Es la escuela de percusión más convocante de Bariloche y más que eso: es un encuentro de personas que aprenden tambores, comparten las tardes y salen a tocar a escena. Y cuando lo hacen, una energía transformadora envuelve todo el ambiente: un bálsamo en medio de la rutina de los días.
Es noche de invierno y en el centro cultural Fylgja se va reuniendo gente cerca del escenario y se respira un perfume a sahumerio. Hay tambores y al costado una red de papelitos con deseos escritos y la invitación a que dejes el tuyo. Hoy tocará MuTa, Mujer Tambor, el ensamble que cumple cinco años de la Escuela de Percusión La Nube. Pero antes lo hace Fuegas Samba Reggae, otro taller de La Nube integrado por mujeres y disidencias. Todas con campera vintage danzan, percuten, cantan alegorías a brujas y manadas.
La vibración de los tambores estremece los cuerpos que empiezan a moverse contagiados, como piezas de dominó cayendo una sobre otra en el centro de esa energía en torbellino que retroalimenta a las músicas y al público. Hay sonrisas y chillidos, los cuerpos se calientan antes de la entrada del ensamble principal.

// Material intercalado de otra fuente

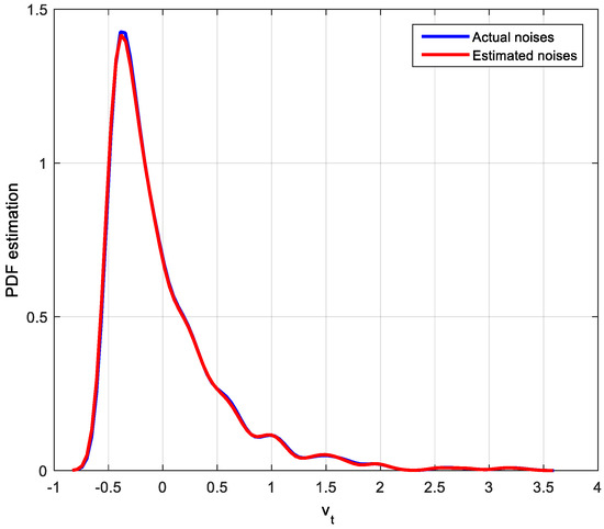 Noise estimated values can be obtained by the improved EDA algorithm. There are many ways to describe the estimation effect, such as histogram and kernel density estimation. Since PDF is used in the MEC-based CPA index, the kernel density estimation method for actual noises and estimated noises will be used to show the estimation effect. The corresponding PDF estimation results of actual noises and estimated noises are shown in Figure 4, Figure 5 and Figure 6.

El fuego del encuentro con el tambor ya está encendido cuando aparecen en escena, vestidas de negro, las 16 mujeres de MuTa: madres, científicas, trabajadoras, estudiantes maquilladas con un escamado degradé que recubre los ojos. Sentadas y de pie, frente a sus instrumentos, esperan las señas de su directora, Guadita Sosa, que irá tejiendo esa trama de ritmos afro brasileños y cantos ancestrales a la madre tierra, a la serpiente y a la luna que representan la fuerza y el misterio, la oscuridad y la luz.

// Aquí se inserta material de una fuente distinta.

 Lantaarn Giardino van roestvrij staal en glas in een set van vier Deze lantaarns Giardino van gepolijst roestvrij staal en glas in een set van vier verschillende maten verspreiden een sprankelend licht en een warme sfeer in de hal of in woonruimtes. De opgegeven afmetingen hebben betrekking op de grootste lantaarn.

El concierto termina al día siguiente. Ya fuera del centro cultural, los cuerpos transpirados, que pesan menos, se funden en abrazos con la atmósfera fría de una madrugada que luce más amigable que siempre.
Los comienzos
La escuela de percusión ensaya desde hace año y medio en un piso a la calle del centro de Bariloche llamado Casa Nube. El lugar tiene una puerta con paneles acústicos al igual que algunas porciones de pared. Del techo cuelgan telas coloridas y una luz cálida. En un aparador hay un gorro con visera y el logo de la escuela: el círculo que forman el pulgar y el índice, que en la Antigua Grecia era signo de amor, en el mundo budista de perfección, en el lenguaje musical se llama “staccato”: es la seña enérgica y determinante que acorta el valor original de una nota.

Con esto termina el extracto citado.